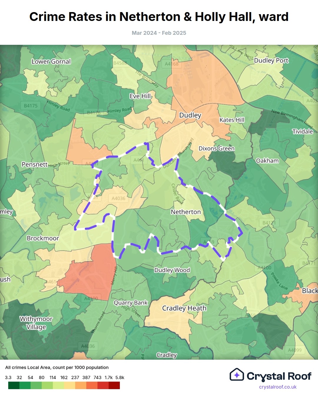Netherton & Holly Hall, (ward) includes areas with the following crime ratings (see map):
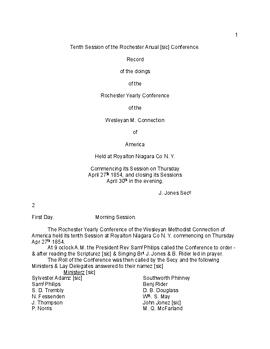 Tenth Session of the Rochester Annual Conference. Record of the doings of the Rochester Yearly Conference of the Wesleyan Methodist Connection of America held at Royalton, Niagara County, New York. Commencing its Session on Thursday, April 27th, 1854, and closing its Sessions April 30th in the evening.
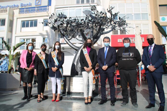 La Plaza de Waldo Calero acoge desde ayer miércoles, 8 de diciembre, una escultura conmemorativa del primer medio siglo de la celebración del Premio “Diego Ramírez Pastor”. La obra, creada por el escultor y maestro forjador Alejandro Cremades, es una alegoría realizada en hierro y acero inoxidable compuesta por un árbol de unas dimensiones de 2´8 metros de altura y 3´7 metros de anchura. Cada una de sus hojas representa a uno de los premiados en los últimos 50 años. Se trata de una escultura viva, en la cual se va a poder añadir la hoja con el premiado de cada año.
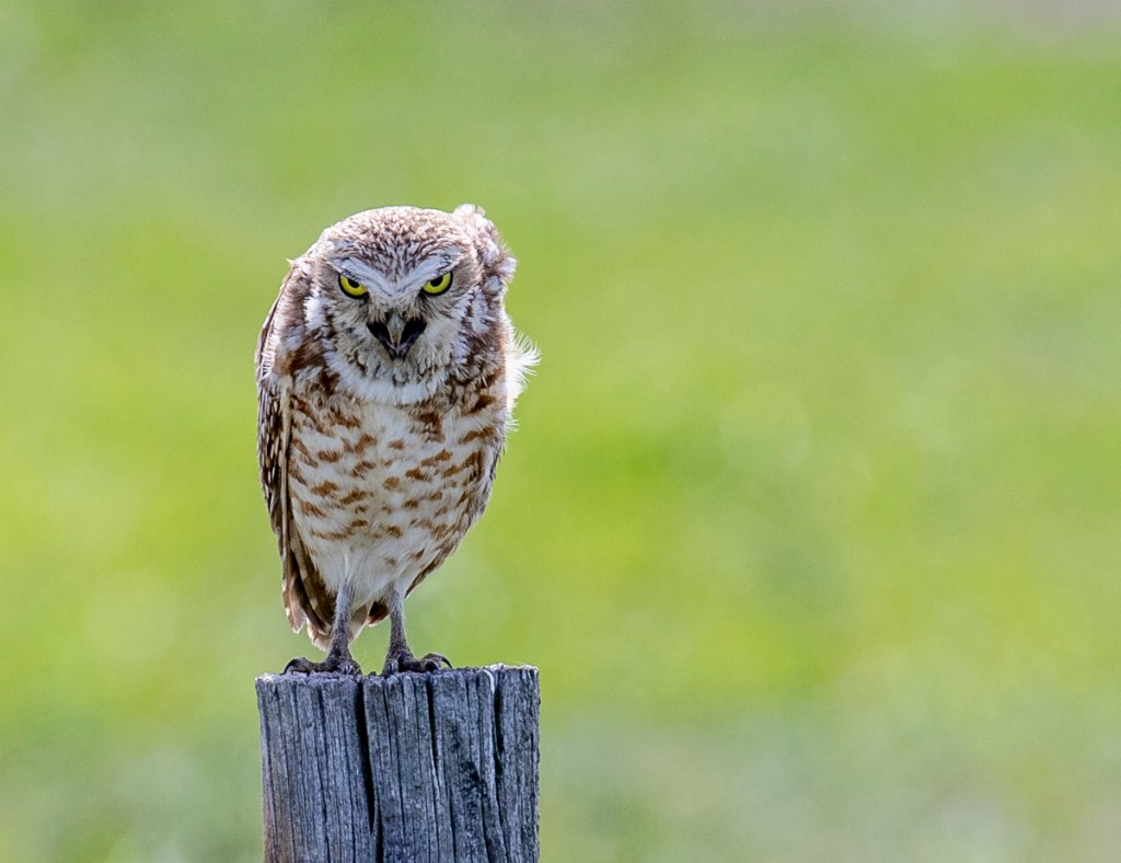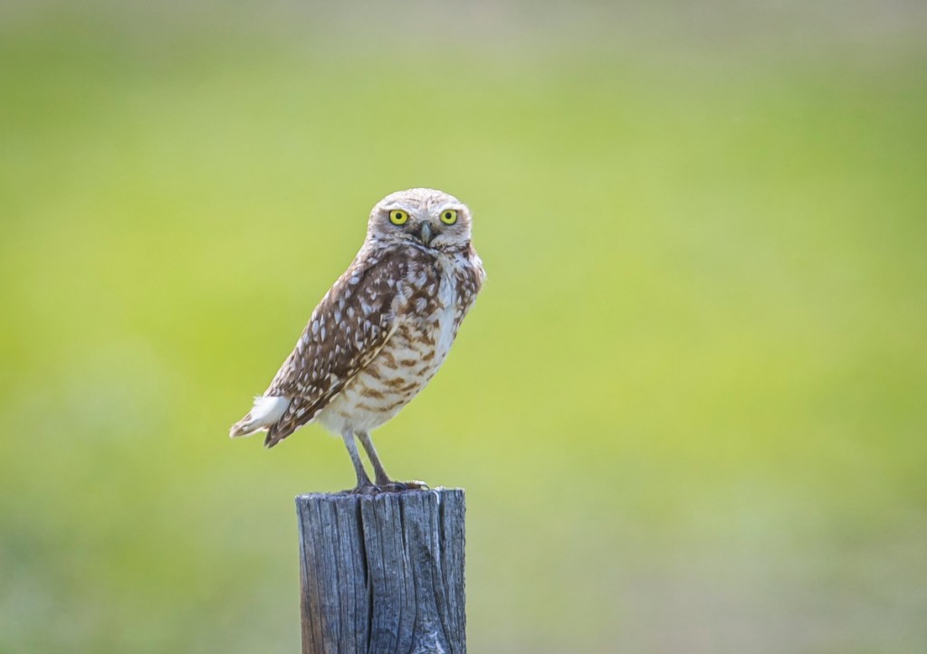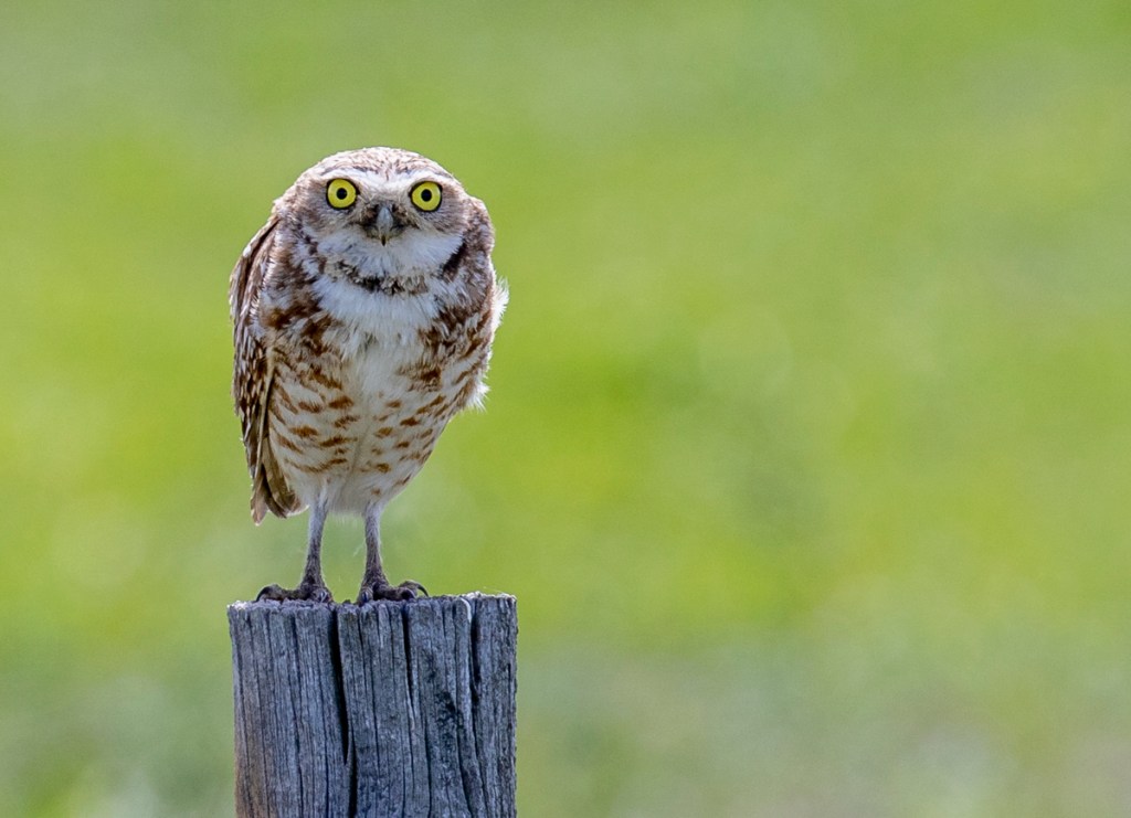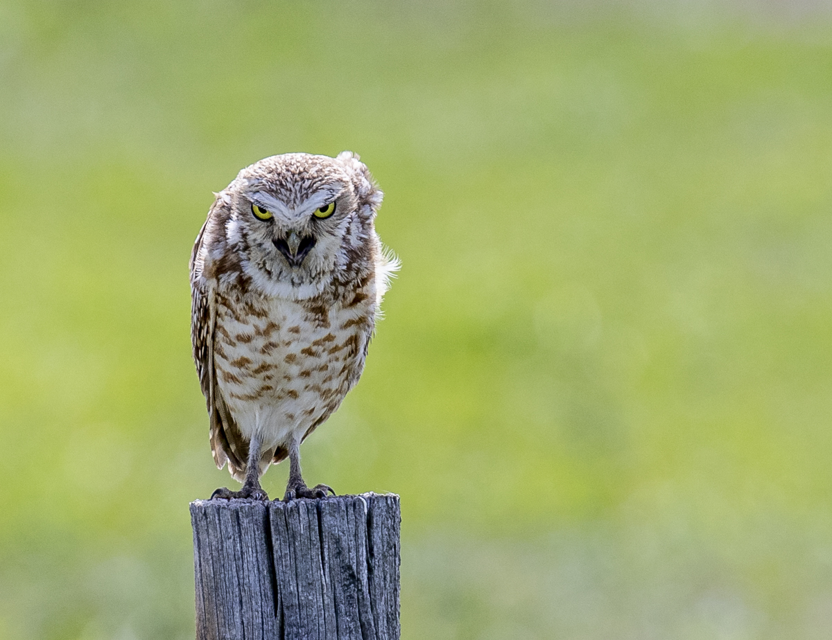 There were so many prairie dog towns along this route and some were huge with what looked like hundreds of mounds. We had discussed looking for Burrowing Owls when we saw prairie dog habitat as these diminutive birds frequently use abandoned prairie dog burrows as roost and nest sites. Burrowing Owls range from Canada to Mexico and parts of Central and South America. There are populations in Florida and some islands in the Caribbean as well. Throughout much of their range, their numbers are declining due to habitat loss and decline in the populations of burrowing mammals. We kept scanning as we drove, but I finally pulled over at a large roadside prairie dog town and told Melissa to find me an owl. Lo and behold, after only a couple of minutes, she spotted one. It was way back away from the road sitting on a mound.
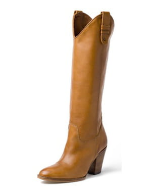 On aime ces bottes en cuir couleur camel à l'esprit cow-boy chic. Le plus : le talon imitation bois de 8 cm qui nous donne l'impression d'être grande en toute circonstance.  Aussi chics que branchées ces bottes sont  une valeur sûre de l'hiver. Collection automne-hiver 2011-2012
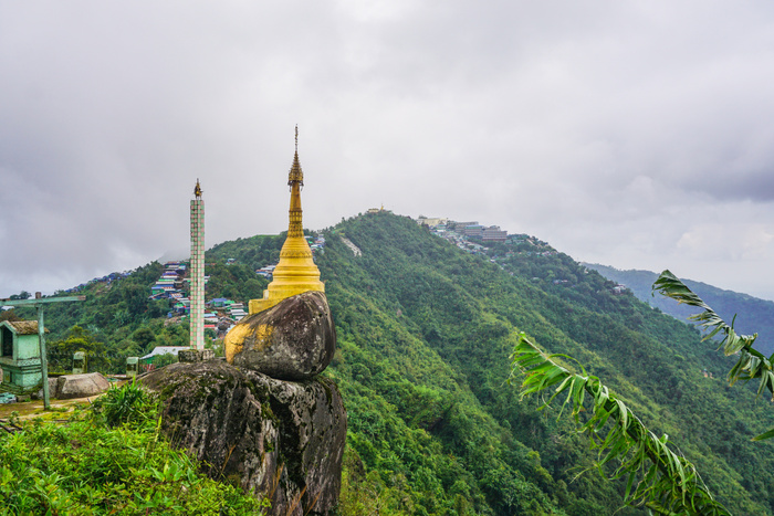 Главный храм в Лойко, столице самого маленького штата Мьянмы - Кая, называется Таунг Кве Зеди. Название можно перевести как "Ступа на Горбатой Горе". Храм построили на вершине карстового выступа рельефа и сверху можно увидеть весь город как на ладони.
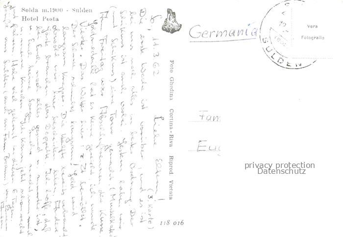74008190 old postcard Sulden Solda Trentino-Alto-Adige IT Hotel Posta postalisch gelaufen Erhaltung siehe scans [FriedD77] KatCode: 11240000000000
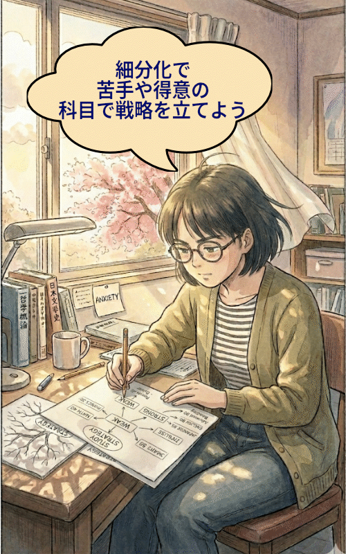 合格点の取得を目指せる科目別の細分化技法
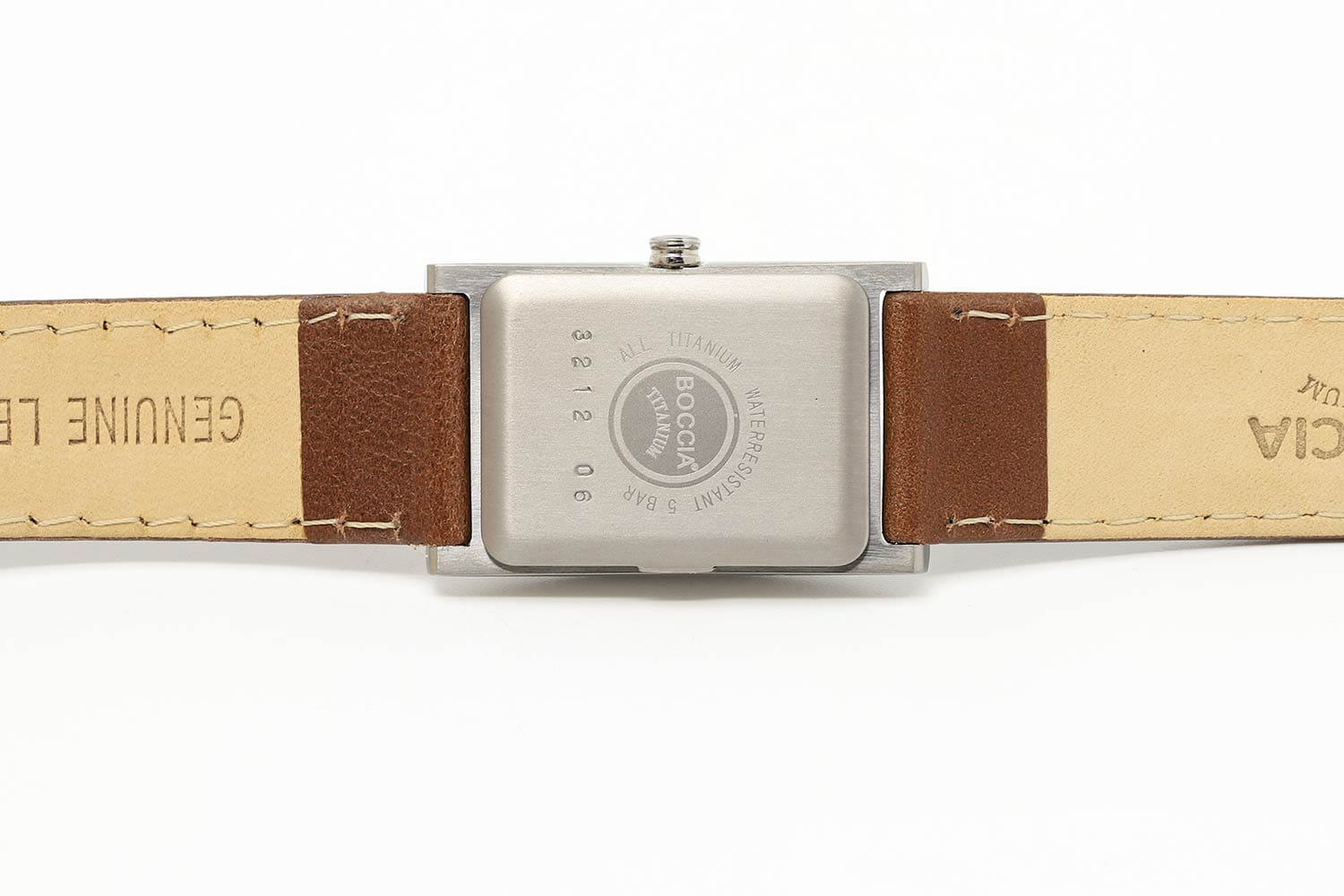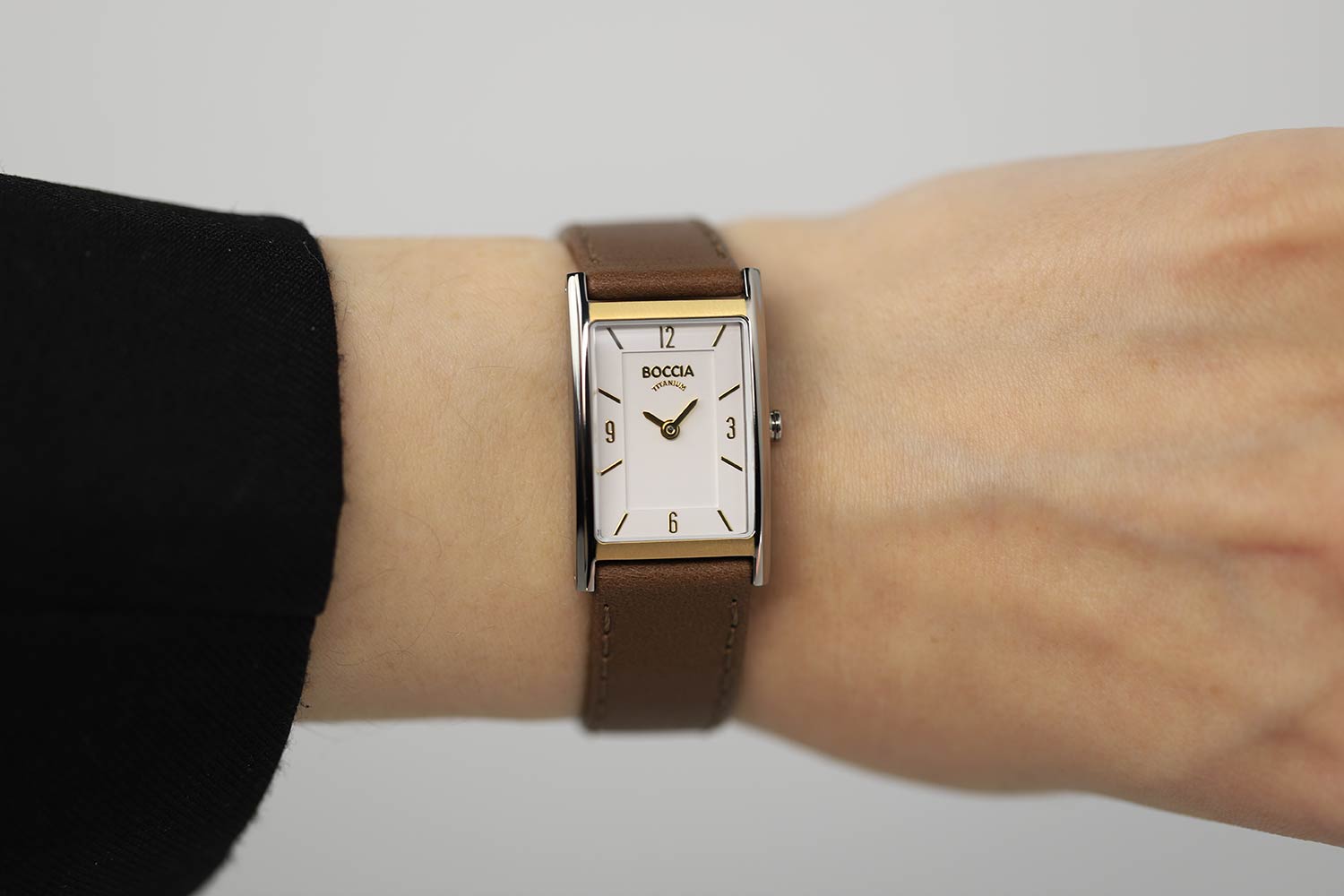 Женские наручные часы Boccia Titanium 3212-06 с надёжным кварцевым механизмом. Корпус часов изготовлен из титана с частичным PVD-покрытиемPVDУльтратонкое покрытие наносится в технике вакуумного напыления, сочетает в себе нитрид титана особой прочности со слоем золота или оксида хрома. Несёт в себе декоративную или защитную функцию.. Минеральное стеклоМинеральное стеклоМинеральное стекло представляет собой искусственно выращенный минерал кварца. Такое стекло отличается особой устойчивостью к повреждениям и царапинам. Уступает по некоторым качествам сапфировому стеклу. устойчивое к мелким механическим повреждениям. Кожаный ремешок на стандартной застёжке. Класс водозащиты: 50 метров, позволит защитить корпус от случайных брызг или капель дождя.

▶ _Required action_: Your copy of the data above should match it exactly, apart from the images.

▶ _Exercise solution_:
Netherton & Holly Hall, (ward) includes areas with the following crime ratings (see map):
 Tenth Session of the Rochester Annual Conference. Record of the doings of the Rochester Yearly Conference of the Wesleyan Methodist Connection of America held at Royalton, Niagara County, New York. Commencing its Session on Thursday, April 27th, 1854, and closing its Sessions April 30th in the evening.
 La Plaza de Waldo Calero acoge desde ayer miércoles, 8 de diciembre, una escultura conmemorativa del primer medio siglo de la celebración del Premio “Diego Ramírez Pastor”. La obra, creada por el escultor y maestro forjador Alejandro Cremades, es una alegoría realizada en hierro y acero inoxidable compuesta por un árbol de unas dimensiones de 2´8 metros de altura y 3´7 metros de anchura. Cada una de sus hojas representa a uno de los premiados en los últimos 50 años. Se trata de una escultura viva, en la cual se va a poder añadir la hoja con el premiado de cada año.
 There were so many prairie dog towns along this route and some were huge with what looked like hundreds of mounds. We had discussed looking for Burrowing Owls when we saw prairie dog habitat as these diminutive birds frequently use abandoned prairie dog burrows as roost and nest sites. Burrowing Owls range from Canada to Mexico and parts of Central and South America. There are populations in Florida and some islands in the Caribbean as well. Throughout much of their range, their numbers are declining due to habitat loss and decline in the populations of burrowing mammals. We kept scanning as we drove, but I finally pulled over at a large roadside prairie dog town and told Melissa to find me an owl. Lo and behold, after only a couple of minutes, she spotted one. It was way back away from the road sitting on a mound.
 On aime ces bottes en cuir couleur camel à l'esprit cow-boy chic. Le plus : le talon imitation bois de 8 cm qui nous donne l'impression d'être grande en toute circonstance.  Aussi chics que branchées ces bottes sont  une valeur sûre de l'hiver. Collection automne-hiver 2011-2012
 Главный храм в Лойко, столице самого маленького штата Мьянмы - Кая, называется Таунг Кве Зеди. Название можно перевести как "Ступа на Горбатой Горе". Храм построили на вершине карстового выступа рельефа и сверху можно увидеть весь город как на ладони.
74008190 old postcard Sulden Solda Trentino-Alto-Adige IT Hotel Posta postalisch gelaufen Erhaltung siehe scans [FriedD77] KatCode: 11240000000000
 合格点の取得を目指せる科目別の細分化技法
 Женские наручные часы Boccia Titanium 3212-06 с надёжным кварцевым механизмом. Корпус часов изготовлен из титана с частичным PVD-покрытиемPVDУльтратонкое покрытие наносится в технике вакуумного напыления, сочетает в себе нитрид титана особой прочности со слоем золота или оксида хрома. Несёт в себе декоративную или защитную функцию.. Минеральное стеклоМинеральное стеклоМинеральное стекло представляет собой искусственно выращенный минерал кварца. Такое стекло отличается особой устойчивостью к повреждениям и царапинам. Уступает по некоторым качествам сапфировому стеклу. устойчивое к мелким механическим повреждениям. Кожаный ремешок на стандартной застёжке. Класс водозащиты: 50 метров, позволит защитить корпус от случайных брызг или капель дождя.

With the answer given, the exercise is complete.